Yu Zeng et al., 2021

They found that these thread-like cells were extremely large, compared to similar cells in vertebrates – larger than abdominal fat cells in elephants, in fact. Even more intriguing, the size of these cells turns out to be highly dependent on the body size of the hagfish. There are other examples in nature of this type of scaling.

For example, geckos and other creatures that use sticky pads to climb exhibit a scale exponent of about 0.35 when it comes to the size of their pads in relation to body mass. And some species of spiders produce dragline silk that varies in diameter with body mass with an exponent between 0.37 and 0.39. But the exponent of scaling Fudge et al. found in their hagfish wire cells was 0.55, significantly greater than any other known scaling exponent in vertebrates.

“Our work showed the greatest exponent of scaling known in animal cells,” said co-author Yu Zeng. This means that, on the hagfish evolution tree, the large species all make large, thread-like cells, despite being far apart.

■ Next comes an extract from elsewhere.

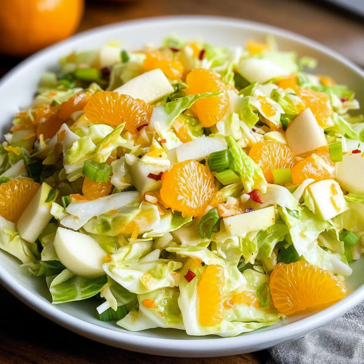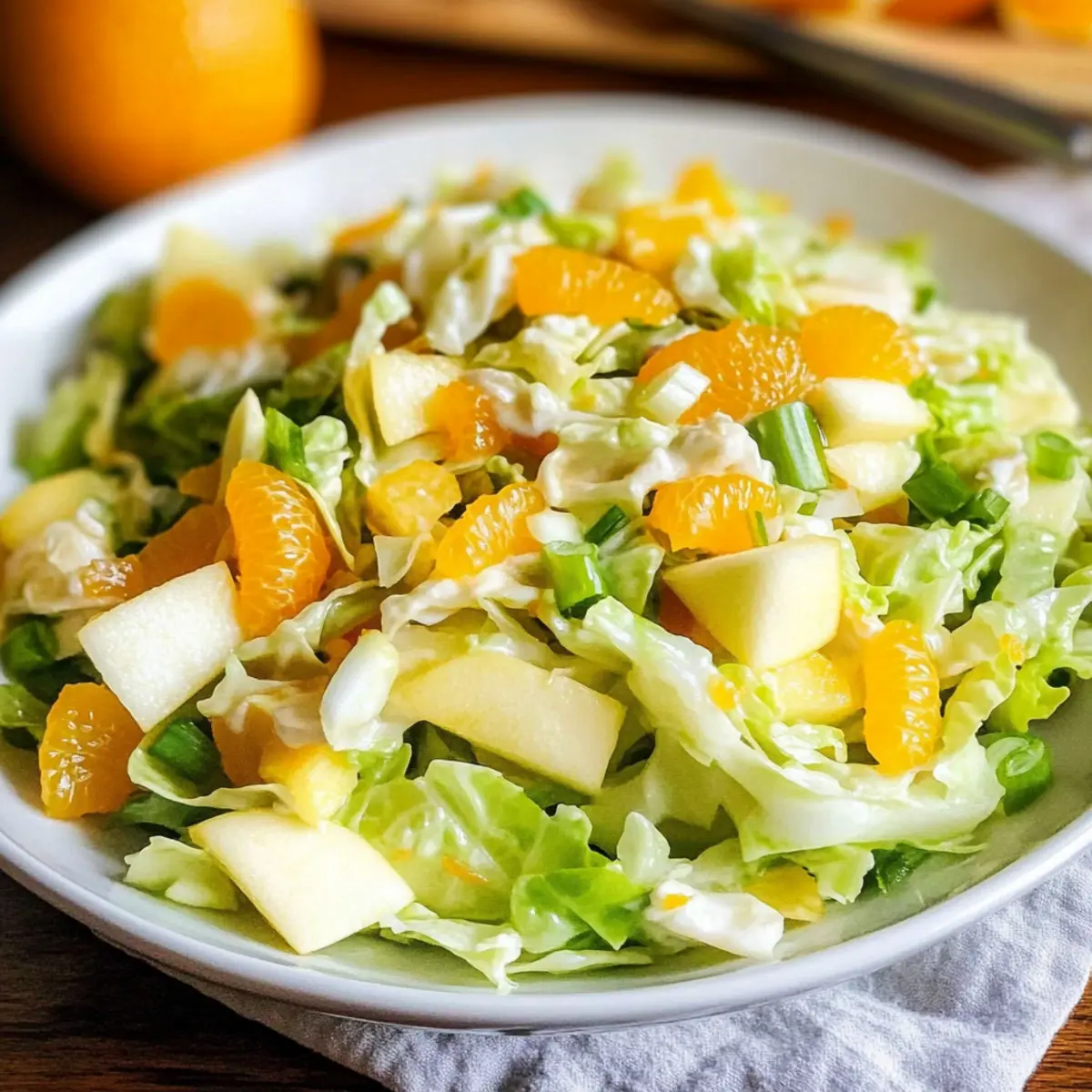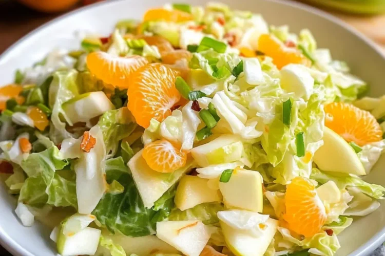 Ein frischer Chinakohlsalat mit Mandarinen und Apfel, ideal als gesunde Beilage.

The authors hypothesize that the unusual characteristic could be the result of an evolutionary selection linked to the mechanical properties of the wire cells. “Very little is known about the behavioral ecology of hagfish, particularly how it changes with body size,” Yu said. “Our study suggests that body size-dependent interactions with predators have resulted in profound changes in the defensive slime of the hagfish and these changes can be seen at the cellular and subcellular level. “

The team’s models showed that the threads get thicker and longer in the larger cells of large hagfish, which can produce threads about 4 micrometers thick and 20 centimeters long. It is the largest intracellular fiber known in animals, comparable in size to keratin fibers and spider bristles. And like these examples, the threads in hagfish slime rely on the coordination between many cells. At some point in their growth cycle, the intracellular protein fibers of hagfish mucus “undergo a phase transition,” according to the authors, “where individuals [fibers] condense with their neighbors into a much larger intracellular fiber superstructure. “

So what could this scaling feature (and the resulting larger threads) provide a scalable advantage? “There are several ways that the larger threads can be useful for larger hagfish,” Fudge said. “Thicker threads can withstand more force before breaking and make the slime stronger and better able to stay on the gills of a large and powerful fish predator. Longer threads have a similar advantage in this sense. that they can extend for greater distances between the gill arches of large predators. Longer wires are also more likely to produce larger volumes of mud, which improves its use as a deterrent against large predators. .

Future studies will focus on studying how each wire wraps such a complex structure in a tiny cell, according to Yu.

DOI: Current Biology, 2021. 10.1016 / j.cub.2021.08.066 (About DOIs).